Explore new approach to education - Leny
Philip Hamilton, Gleaner Writer
Tom Leny, head of the London-based UK Qualifications and Curriculum Development Authority's International Unit, talks with Dr Rose Davies (left), chairman of Joint Board of Teacher Education, and Sonia Bennett-Cunningham, director principal, VTDI, at the opening of the annual professional development conference for lecturers at teacher-training institutions. The conference was held on Monday. - Rudolph Brown/Photographer
JAMAICAN EDUCATORS have been challenged to adopt competence-based education and training systems in keeping with current global trends instead of solely relying on traditional methods.
Tom Leny, head of the London-based UK Qualifications and Curriculum Development Authority's (QCDA) International Unit, said several factors within a changing world were forcing educators to rethink traditional approaches to education.

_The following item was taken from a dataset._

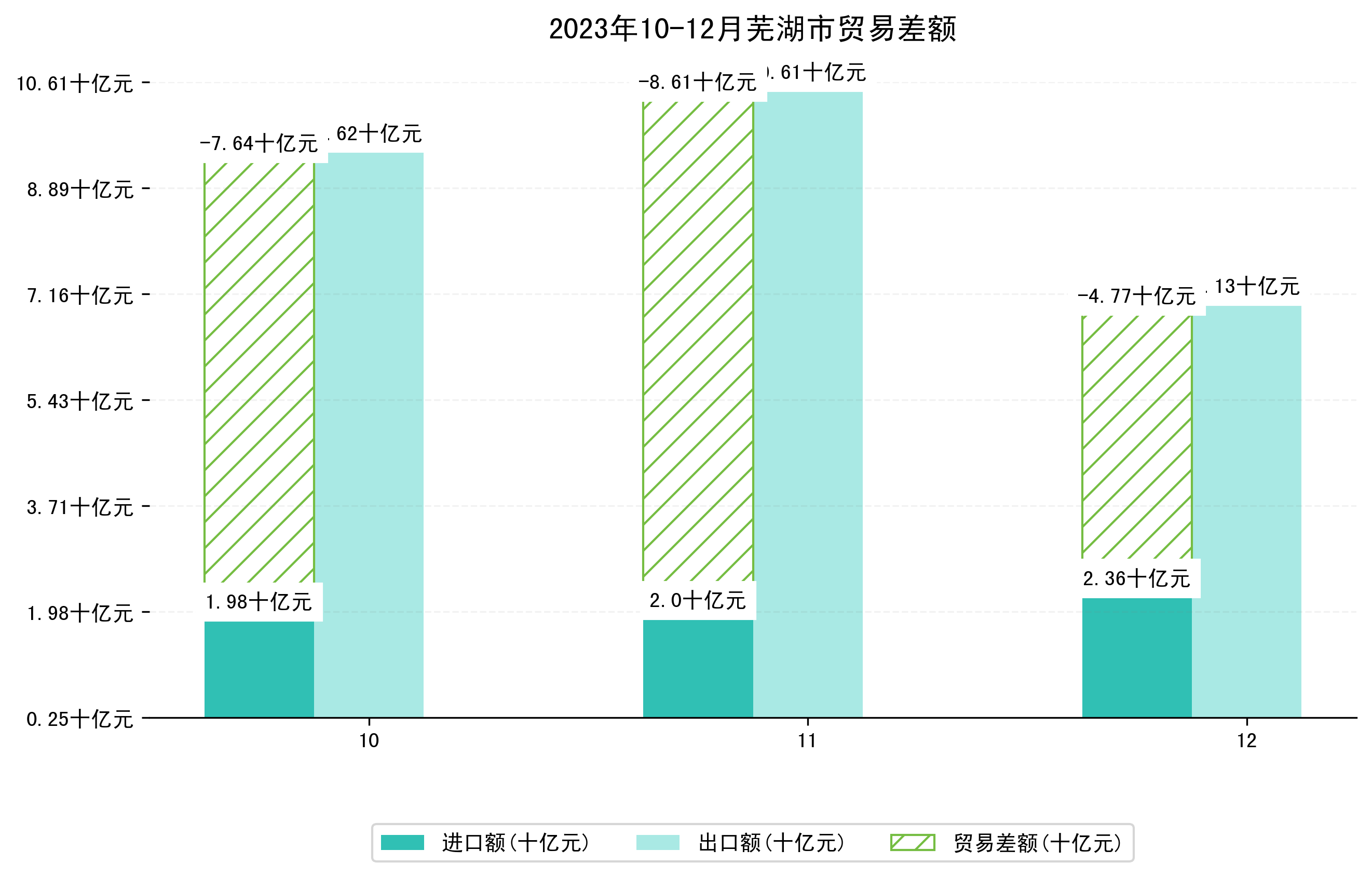 2023年12月芜湖市进出口总额及进出口差额统计分析

According to Leny, these factors included the move towards a knowledge society, a shift to lifelong learning, a higher skills economy and new opportunities and threats.
"The direction towards a higher skills economy is undoubtedly something educators will have to face up to. Just think of tourism. The traditional days of big operators bringing in people in large groups as tourists to the country haven't gone, but other things are happening," he said.
New skills and hospitality
"This means local networks have to be very sharp and savvy, develop new skills and hospitality, and encourage people to come to the country for different kinds of holidays than what we're used to," Leny added.
His comments came yesterday at the Joint Board of Teacher Education's annual professional development conference, held at the Jamaica Conference Centre in Kingston.
The QCDA head said changing global trends required increasingly successful learners with knowledge skills and attitudes needed for learning, life and work, as well as qualifications demonstrating these competencies.
He noted that several countries were currently reviewing traditional learning methods that focused on a single, best way to learn, in favour of an active approach, where much learning was independent of someone passing on expert knowledge.
Leny, however, acknowledged that acceptance of the competence-based education and training was not without challenges.
He conceded that in Europe, where technical and vocational education training led the way towards competence-based approaches, certain areas, such as upper secondary as well as general higher academic education, were resistant to change.